The judge further said Nguwaya is alleged to have misrepresented that the Drax Consult Sagl and Drax International LLC were medicine manufacturers thereby inducing some State officials to strike deals with his companies to the prejudice of good governance.

However, the judge said exaggerated marketing/business talk commonly referred to as ‘puffery’, is in a way, misrepresentation but a person who engages in exaggerated business talk would only be guilty of fraud if the other party acted on the misrepresentation to his/her/its prejudice.

“It is not the State’s case that the appellant actions caused financial prejudice. If there was any other form of deception which resulted in financial prejudice, then that could only have been as a result of a flawed procurement process.

“The appellant is not a State official. The fact that the medicines were overpriced should have been picked by the State officials during due diligence or a competitive bidding process,” the judge said.

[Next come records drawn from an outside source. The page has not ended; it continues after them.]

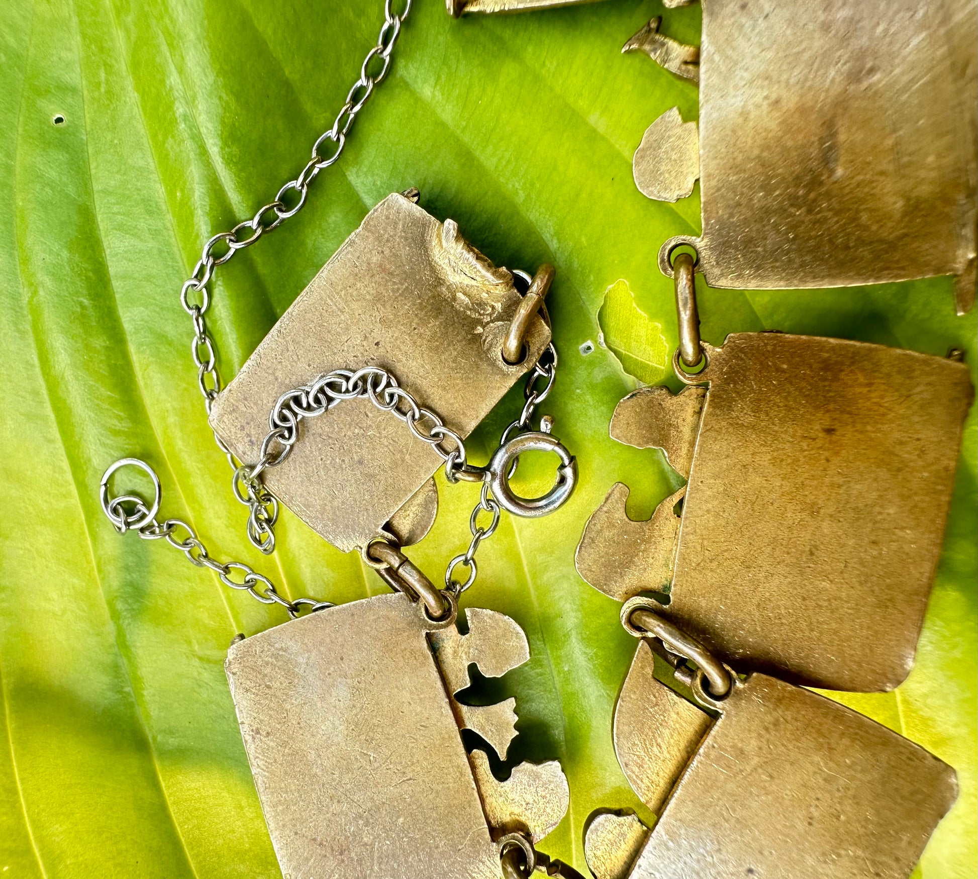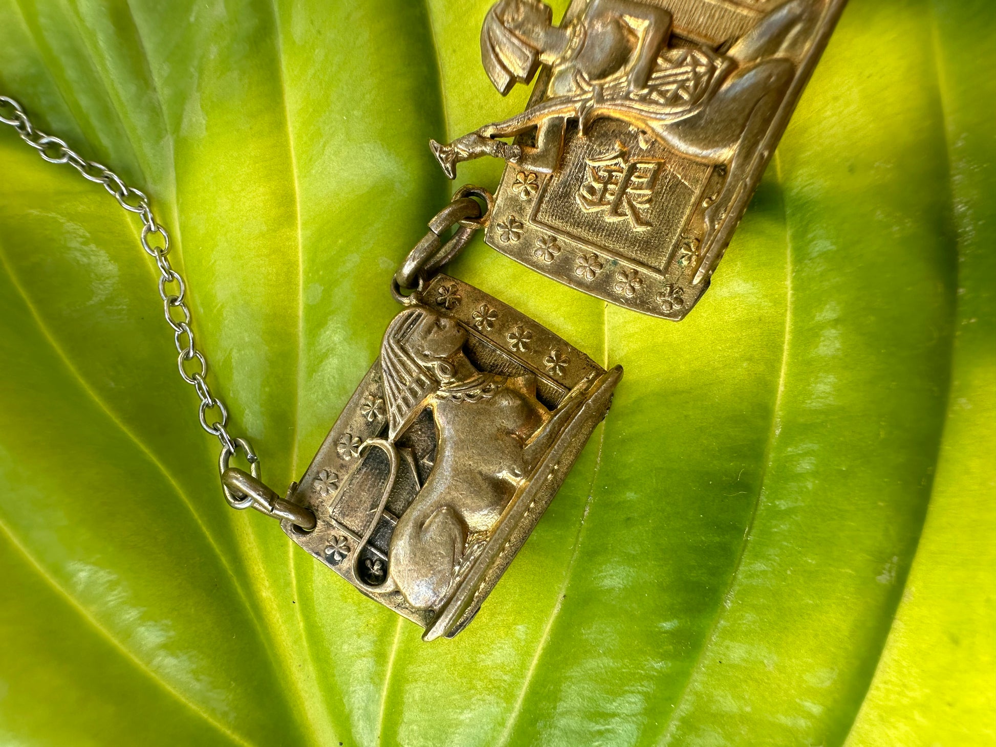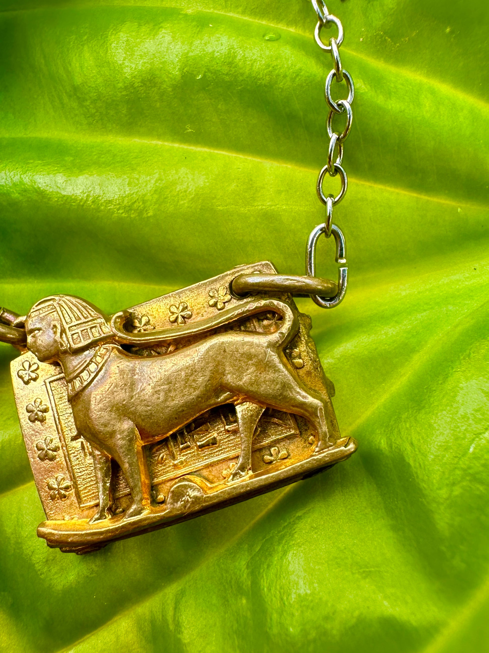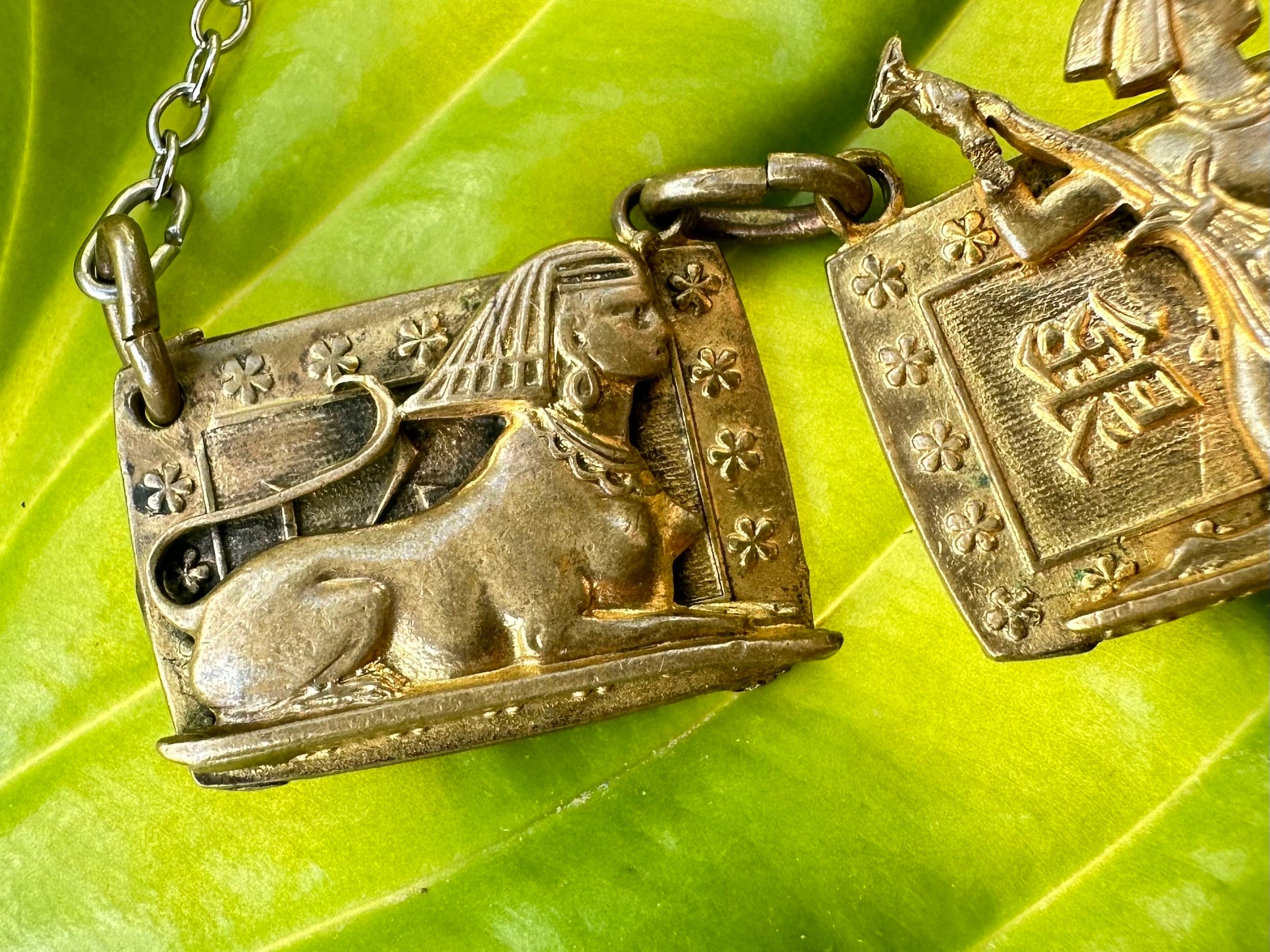A beautiful vintage French Egyptian Revival jewelry. The Art Deco choker is made of six gilded brass pieces depicting traditional Egyptian symbols like sphinx. This Egyptian revival necklace is gorgeous. The quality of the craftsmanship ensures that it will continue to be a cherished necklace for years to come.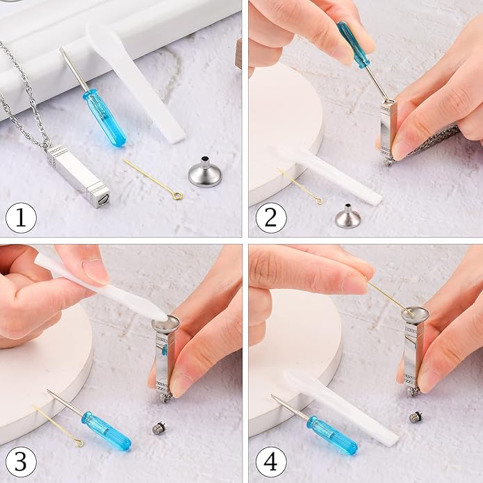 • SIZE and DETAILS -Bar pendant necklace: Length 1.42 inches, Width 0.24 inches. Extension chain length: 20 inches with 2 inches extension chain. Screws and rubber washers ensure a seal that prevents internal ash from falling. The ash necklace will come with a set of tools to help you fill the necklace easier.
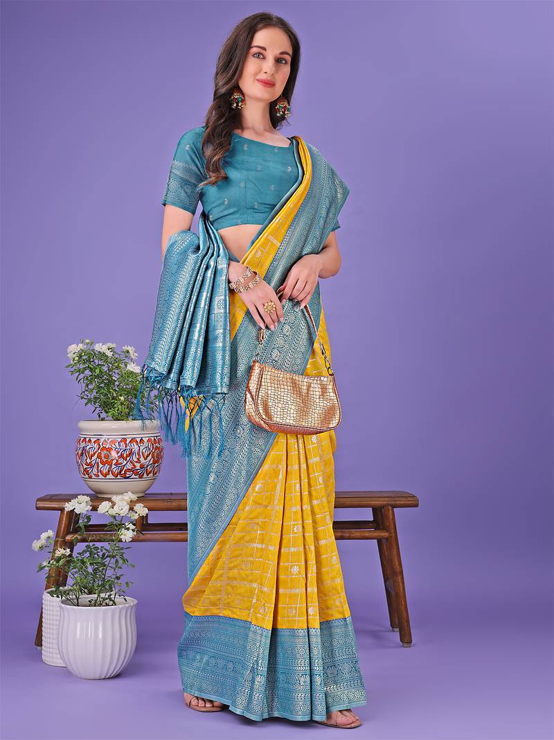 | Product Name | Yellow Color Woven Lichi Art Silk Blend Saree | |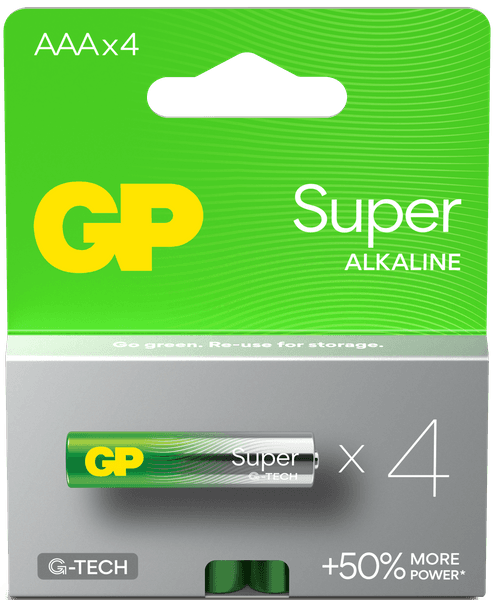 GP Super Alkaline on vakioparisto, joka soveltuu useimpiin tuotteisiin, joilla on matala tai keskisuuri virrankulutus. Paristot tarjoavat luotettavan ja pitkäkestoisen virran arkipäivän laitteisiisi. GP Super Alkaline -sarjan parannettu suorituskyky takaa tasaisen energian pitkäksi aikaa.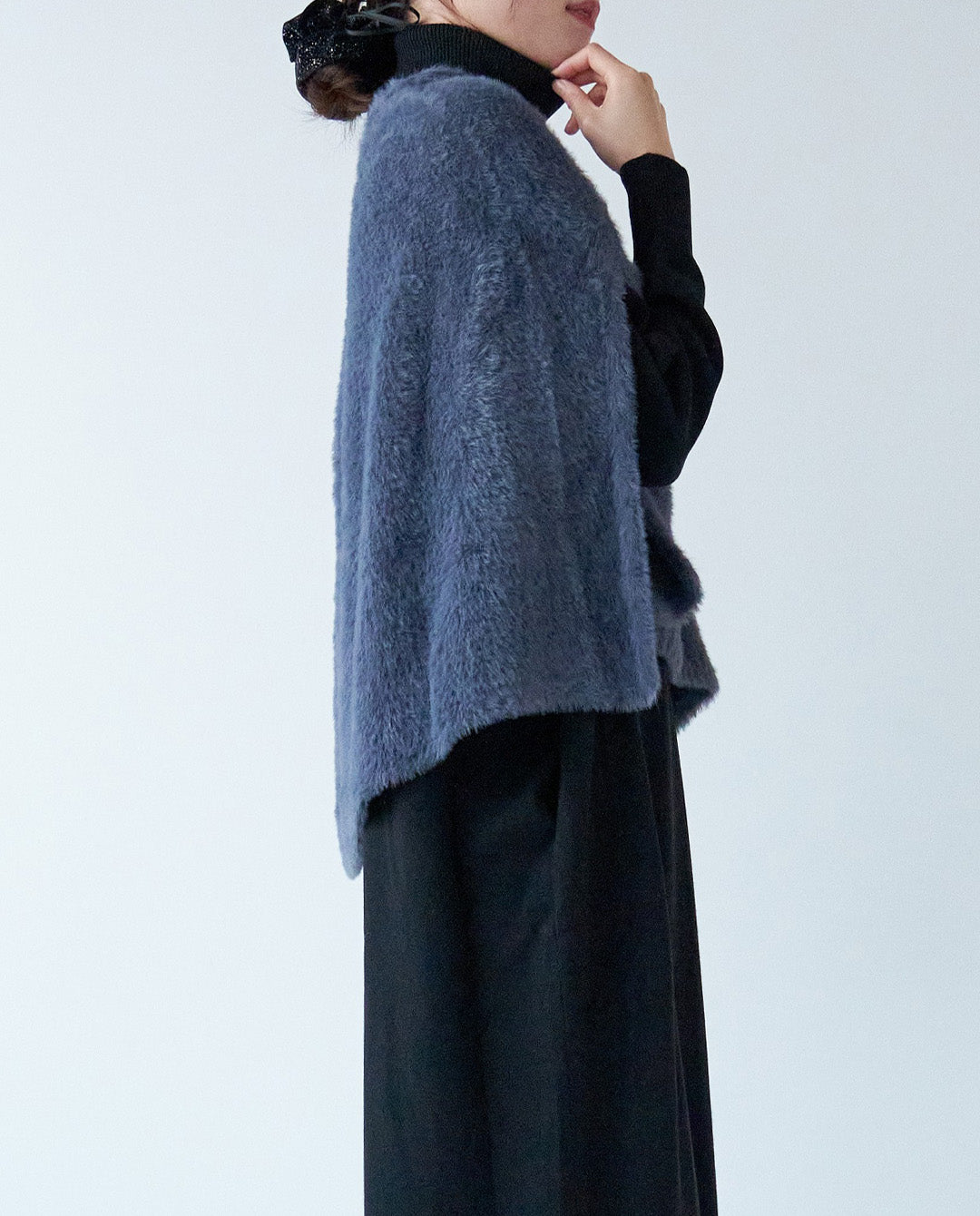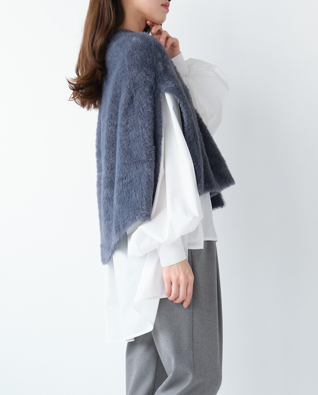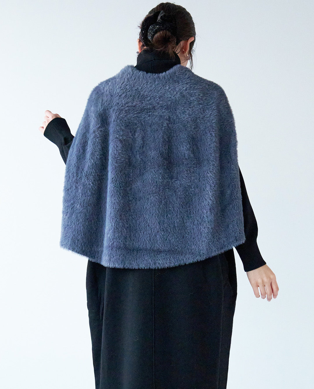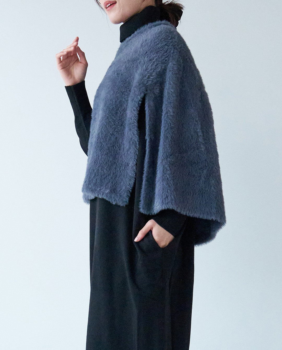 ショールのように軽やかにまとえる、ショート丈のファーニットケープ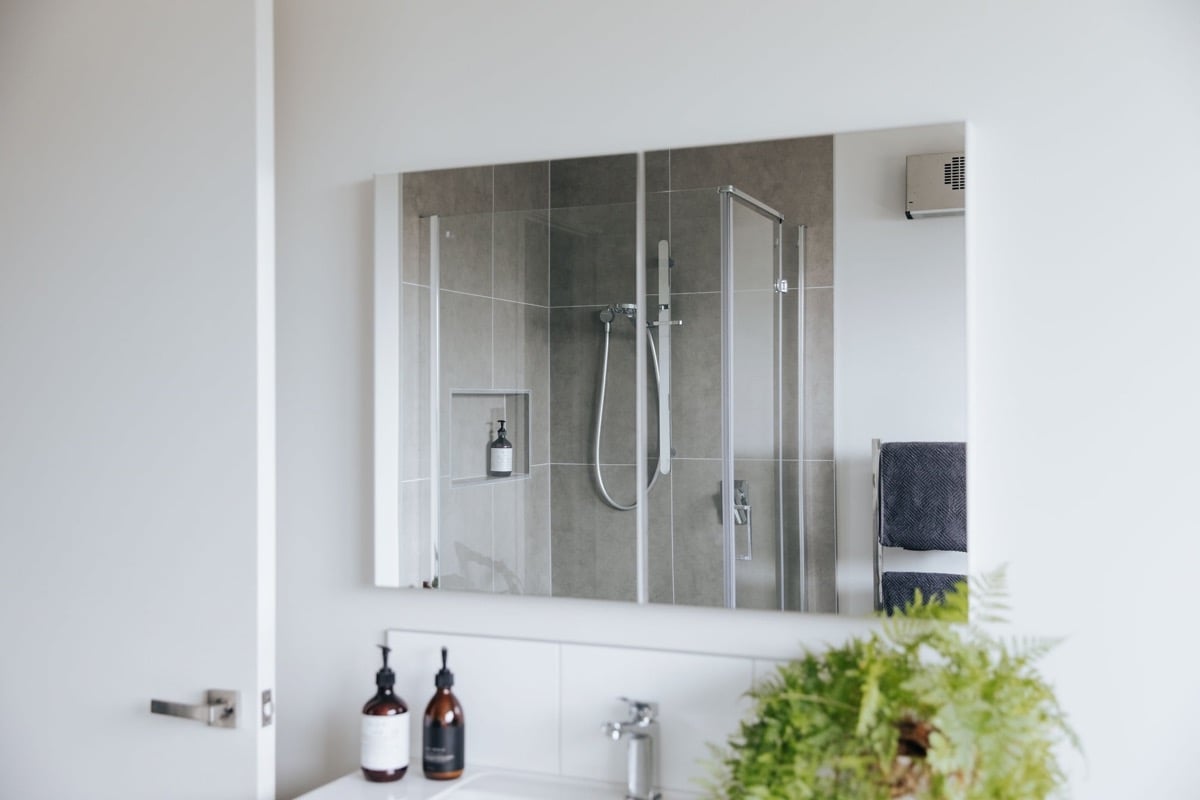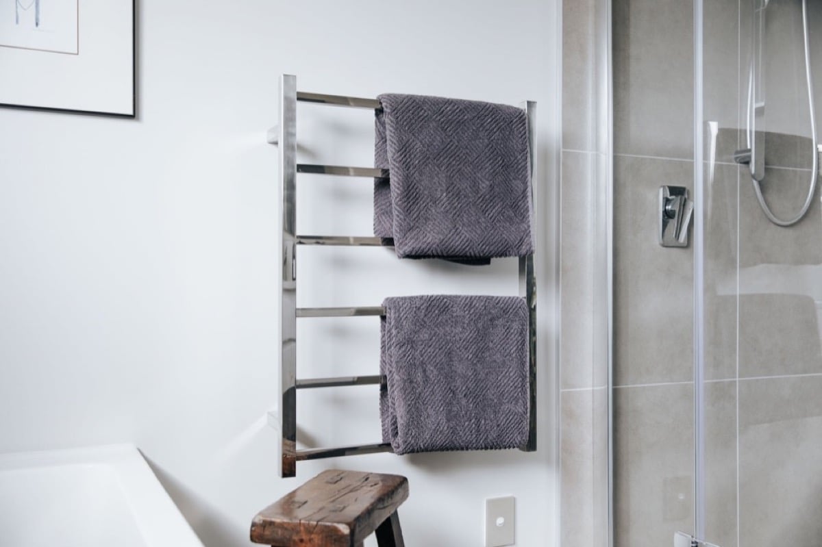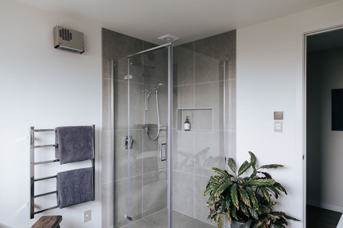 - A heated towel rail was fitted to the wall between the bath and shower to be accessible for both fixtures. A fan heater was installed above. Under-tile electric heating was installed. LED downlights are used for lighting, including as task lighting above the vanity. The mirrored cabinet was fitted with a double plug inside the cabinet, to allow items such as electric toothbrushes to be charged out of site and leave the vanity surface free of clutter.

“The financial prejudice ensuing from lack of diligence cannot be blamed on the appellant but, perhaps, on the persons who procured on behalf of the State. This court and the court a quo have no authority to prosecute or investigate crime. The courts only deal with the charge(s) before them. It is up to the Prosecutor General to direct the ZRP to investigate or the Zimbabwe Anti-Corruption Commission to investigate any other anomalies that may be affecting the procurement.”

As part of his bail conditions, Nguwaya was also ordered to reside at 148 Sandton, Mt Hampden, Harare until his trial is concluded, not interfere with State witnesses, to surrender all his travel documents to the Clerk of court at Harare magistrates Court and to provide surety in the form of his immovable property ordinarily known as 148 Mt Hampden, Harare and the Title Deed duly registered in his name.